La revue de presse people et pas bête

 

Brigitte, le chevalier Macron et les Français jambons

Mais aussi « le côté obscur du « Petit journal » », Roman Polanski et « les petits cons de Daech », la drôle de chanson d’Edward Snowden et de Jean-Michel Jarre, les premières images du premier « film peint à la main » et, et, et… un — très — grand musée en pleine révolution féministe !


 

« Une bêtise », l’interview de Brigitte Macron dans Paris-Match ? C’est ce qu’a dit, vous le savez, son ministre de mari jeudi, alors que venait tout juste de paraître l’article. Mais alors, pourquoi l’avoir faite, cette interview, hmmm ?


Une interview volée… autour d’une tasse de thé

D’après Emmanuel Macron, interpellé sur le sujet au sortir d’une conférence sur l’avenir de l’Europe à Londres, l’interview se serait faite un peu à l’insu du plein gré de Brigitte et sans que lui en ait vraiment connaissance : « Mon épouse, à laquelle je tiens beaucoup, a parlé à une journaliste de « Paris-Match », a-t-il expliqué. Mon épouse, elle ne connaît pas le système médiatique, elle le regrette d’ailleurs profondément ». Madame Macron se serait-elle donc fait « piéger » ? L’album des photos privées du couple Macron publié dans l'hebdo — Brigitte et Emmanuel au ski, au concert de U2, au Salon du livre de Paris avec le MoDem Jean Lassalle ( !?), Emmanuel avec son chien Figaro, donnant le biberon à Elise, « l’une des petites-filles de sa femme » — leur aurait-il subrepticement échappé ? Pas vraiment ! Il suffit, pour s’en convaincre, de lire l’article de Caroline Pigozzi dans Paris-Match : « Jeudi 7 avril, écrit la journaliste. Nous sommes installées à l’heure du thé sur la terrasse parisienne du Zeyer, au carrefour Alésia (…). Brigitte Macron (…) a décidé de faire relâche après les émotions de la veille, quand, à Amiens, l’homme de sa vie a lancé son mouvement ». Tout était donc minutieusement planifié : d’abord, l’annonce du lancement de « En Marche ! », ensuite l’interview de Madame dans « Match ». Un plan com’ classique, à l’ancienne, même, qui peut surprendre de la part d’un homme résolu à « construire quelque chose d’autre » et à « faire place aux idées neuves »

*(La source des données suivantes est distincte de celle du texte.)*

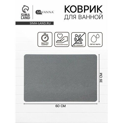 С размерами 39 х 60 см, коврик идеально вписывается в пространство, не создавая визуального нагромождения. Он изготовлен из натурального диатомита, известного своими превосходными противоскользящими свойствами, что обеспечивает безопасность на мокрых поверхностях.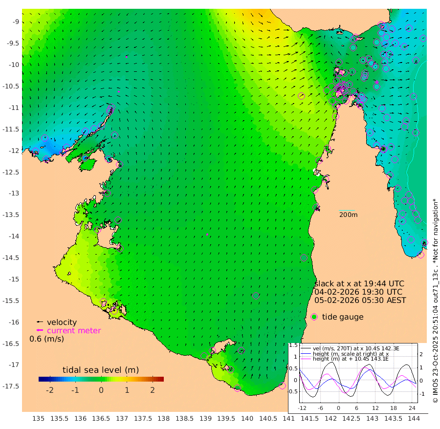 18cm/s -71T +3cm/s rms + 7cm/s -42T. ARA-GOC87 57m 22cm/s 22T +3cm/s rms + 2cm/s -2T. ARA-GOC87 60m 14cm/s -99T +2cm/s rms + 3cm/s 61T. ARA-GOC87 47m -101cm Daru -106cm Bobo Island -72cm Meer Island Barge -96cm Bramble Cay -97cm Unnamed Cay -114cm Pearce Cay -98cm Stephens Island -100cm Merrie England Shoals -102cm Mutacomal Reef -88cm Darnley Island Barge -87cm East Cay -89cm Yorke Island Barge -99cm Rennel Island -96cm Aureed Island -92cm Dungeness Reef -66cm Zagai Island -69cm Yam Island -62cm Dauan Island -47cm Saibai Island -77cm Phipi Reef -85cm Warrior Reef - West -27cm Mabuiag Island Barge -90cm Half Way Island -90cm Coconut Island -89cm Dugong Islet -79cm Poll Island -78cm Kirkcaldie Reef -57cm Suarji Island -65cm Sue Islet -33cm Hawkesbury Island -52cm Alert Patches -58cm Twin Island -33cm Badu Island -51cm St Pauls (Moa Island) -37cm Kubin (Moa Island) -41cm Ince Point -31cm Thursday Island -33cm Nardana Patches -36cm Turtle Head -21cm Round Island -22cm Goods Island 8cm Booby Island -5cm White Rocks Area 65cm Carpentaria -47cm Papou Point 18cm Bampfield Head 4cm Crab Island -4cm Red Wallis Island -37cm Packe Island -92cm Harrington Reef -13cm Herald Camp -8cm Sharp Point -40cm Red Island Point -34cm Possession Island -51cm Alpha Rock -75cm Frederick Point -95cm Wyborn Reef Light -91cm Tetley Island -71cm Triangle Reef -93cm Turtle Head Island -70cm Maclennan Cay -63cm Raine Island -92cm Mcsweeny Reef -88cm Collette Reef -70cm Shadwell Reef -96cm Hannibal Island -103cm Round Point 25cm Vrilya Point -81cm Cape Grenville -84cm Hicks Island -82cm Sir Charles Hardy Island -25cm Harvey Island -77cm Kay Reef -71cm Rocky Island -74cm Chapman Island -63cm Ham Reef -66cm Jubilee Reef -64cm Night Island -67cm Unnamed Reef No. 3 -72cm Morris Island -56cm 1st 3 Mile Opening -66cm Creech Reef -83cm Fife Island -81cm Eden Reef -69cm Stanley Island -85cm Normanby River -112cm Yabooma Island -137cm Hutchison River -104cm Elcho Island -104cm North West Crocodile Island -73cm Cape Wessel -106cm Stevens Island -84cm Guluwuru Island -95cm Hopeful Bay -78cm Auster Point -80cm Two Island Bay -145cm Cadell Strait -128cm Mallison Island -78cm Melville Bay (Gove Harbour) -79cm Truant Island -49cm Cape Arnhem -21cm Cape Grey -19cm Hawk Island 28cm Milner Bay (Groote Eylandt) 20cm Cape Beatrice 62cm West Island 67cm Centre Island -11cm Mornington Island -7cm West Wellesley Islands -24cm Bountiful Island -29cm Albert River Mouth -12cm Sweers Island -40cm Karumba -47cm Nassau River Offshore -50cm Christmas Creek -31cm Archer River -10cm Boyd Point -21cm Weipa (Humbug Point) 6cm Pennefather River 15cm Cullen Point

Brigitte et le chevalier Macron

Ambigu dans ses explications, Emmanuel Macron ? Pas seulement au regard des circonstances dans lesquelles s’est faite l’interview… Difficile, en effet, de comprendre si le ministre endosse la responsabilité de « la bêtise » ou si la faute incombe à son épouse. « C’est une bêtise qu’on a faite ensemble », dit-il, « c’est sans doute une maladresse, je l’assume pleinement et ce ne sera pas une stratégie que l’on reproduira ». Etonnant, quand même, cette façon de balancer entre le « on » et le « je »… Si on décrypte, « on » a fait une bêtise ensemble, « on » ne recommencera pas, « j’ » assume complètement. En d’autres termes : c’est pas moi, c’est elle, mais je prends tout sur moi. Quelle magnanimité, quand même ! Comme le dit Brigitte Macron dans Paris-Match, son mari est un vrai « chevalier »…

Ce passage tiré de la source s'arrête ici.